▸ **What this task involves**:
The output is the lines below from the one with "Dette er et" through the one with "이대로 가면 '역대급'", both included, printed exactly and with no other line.
Start of Data for processing
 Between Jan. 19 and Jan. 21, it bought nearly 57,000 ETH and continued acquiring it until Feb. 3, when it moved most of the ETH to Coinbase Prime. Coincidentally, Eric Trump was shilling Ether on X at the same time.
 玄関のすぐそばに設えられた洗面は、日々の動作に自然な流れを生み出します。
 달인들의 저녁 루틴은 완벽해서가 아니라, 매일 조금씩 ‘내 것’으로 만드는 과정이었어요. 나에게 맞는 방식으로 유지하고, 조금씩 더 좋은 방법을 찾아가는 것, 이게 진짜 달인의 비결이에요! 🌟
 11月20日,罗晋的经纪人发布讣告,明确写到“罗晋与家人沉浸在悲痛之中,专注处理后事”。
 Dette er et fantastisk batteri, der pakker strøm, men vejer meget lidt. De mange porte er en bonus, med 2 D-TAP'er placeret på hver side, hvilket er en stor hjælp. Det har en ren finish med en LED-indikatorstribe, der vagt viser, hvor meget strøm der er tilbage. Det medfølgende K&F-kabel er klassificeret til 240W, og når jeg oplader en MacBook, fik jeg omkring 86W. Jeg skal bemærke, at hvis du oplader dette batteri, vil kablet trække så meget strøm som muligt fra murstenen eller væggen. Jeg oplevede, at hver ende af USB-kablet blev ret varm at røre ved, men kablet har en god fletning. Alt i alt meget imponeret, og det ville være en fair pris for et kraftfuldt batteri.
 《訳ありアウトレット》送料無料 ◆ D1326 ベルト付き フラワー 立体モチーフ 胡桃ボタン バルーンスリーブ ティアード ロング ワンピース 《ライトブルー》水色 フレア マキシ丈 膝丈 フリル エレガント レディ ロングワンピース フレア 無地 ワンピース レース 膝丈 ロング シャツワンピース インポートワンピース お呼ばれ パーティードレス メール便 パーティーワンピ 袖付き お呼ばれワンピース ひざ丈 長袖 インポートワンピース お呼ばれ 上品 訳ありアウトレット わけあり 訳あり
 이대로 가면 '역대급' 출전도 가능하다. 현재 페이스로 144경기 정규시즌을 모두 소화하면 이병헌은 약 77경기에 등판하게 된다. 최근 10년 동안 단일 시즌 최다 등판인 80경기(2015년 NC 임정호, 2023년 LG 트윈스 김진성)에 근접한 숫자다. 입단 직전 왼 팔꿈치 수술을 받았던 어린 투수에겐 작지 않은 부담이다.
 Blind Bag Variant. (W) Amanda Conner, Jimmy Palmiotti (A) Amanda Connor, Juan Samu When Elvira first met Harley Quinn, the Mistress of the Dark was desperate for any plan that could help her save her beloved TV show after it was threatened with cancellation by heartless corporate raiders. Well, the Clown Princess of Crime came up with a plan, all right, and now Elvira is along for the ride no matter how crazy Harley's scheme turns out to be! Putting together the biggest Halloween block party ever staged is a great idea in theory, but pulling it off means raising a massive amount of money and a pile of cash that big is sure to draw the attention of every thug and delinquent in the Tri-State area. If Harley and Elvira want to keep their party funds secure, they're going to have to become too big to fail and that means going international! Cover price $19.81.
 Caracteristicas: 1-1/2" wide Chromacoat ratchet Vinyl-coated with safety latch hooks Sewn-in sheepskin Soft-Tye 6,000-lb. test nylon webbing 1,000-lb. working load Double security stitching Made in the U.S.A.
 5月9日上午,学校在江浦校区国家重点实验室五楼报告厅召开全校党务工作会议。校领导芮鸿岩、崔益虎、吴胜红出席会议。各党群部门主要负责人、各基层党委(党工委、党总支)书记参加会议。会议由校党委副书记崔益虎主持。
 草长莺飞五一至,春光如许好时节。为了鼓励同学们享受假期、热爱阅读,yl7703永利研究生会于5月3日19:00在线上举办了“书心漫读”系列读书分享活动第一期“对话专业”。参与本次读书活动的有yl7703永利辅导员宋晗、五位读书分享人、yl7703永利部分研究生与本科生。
End of Data for processing
▸ **Result**:
 Dette er et fantastisk batteri, der pakker strøm, men vejer meget lidt. De mange porte er en bonus, med 2 D-TAP'er placeret på hver side, hvilket er en stor hjælp. Det har en ren finish med en LED-indikatorstribe, der vagt viser, hvor meget strøm der er tilbage. Det medfølgende K&F-kabel er klassificeret til 240W, og når jeg oplader en MacBook, fik jeg omkring 86W. Jeg skal bemærke, at hvis du oplader dette batteri, vil kablet trække så meget strøm som muligt fra murstenen eller væggen. Jeg oplevede, at hver ende af USB-kablet blev ret varm at røre ved, men kablet har en god fletning. Alt i alt meget imponeret, og det ville være en fair pris for et kraftfuldt batteri.
 《訳ありアウトレット》送料無料 ◆ D1326 ベルト付き フラワー 立体モチーフ 胡桃ボタン バルーンスリーブ ティアード ロング ワンピース 《ライトブルー》水色 フレア マキシ丈 膝丈 フリル エレガント レディ ロングワンピース フレア 無地 ワンピース レース 膝丈 ロング シャツワンピース インポートワンピース お呼ばれ パーティードレス メール便 パーティーワンピ 袖付き お呼ばれワンピース ひざ丈 長袖 インポートワンピース お呼ばれ 上品 訳ありアウトレット わけあり 訳あり
 이대로 가면 '역대급' 출전도 가능하다. 현재 페이스로 144경기 정규시즌을 모두 소화하면 이병헌은 약 77경기에 등판하게 된다. 최근 10년 동안 단일 시즌 최다 등판인 80경기(2015년 NC 임정호, 2023년 LG 트윈스 김진성)에 근접한 숫자다. 입단 직전 왼 팔꿈치 수술을 받았던 어린 투수에겐 작지 않은 부담이다.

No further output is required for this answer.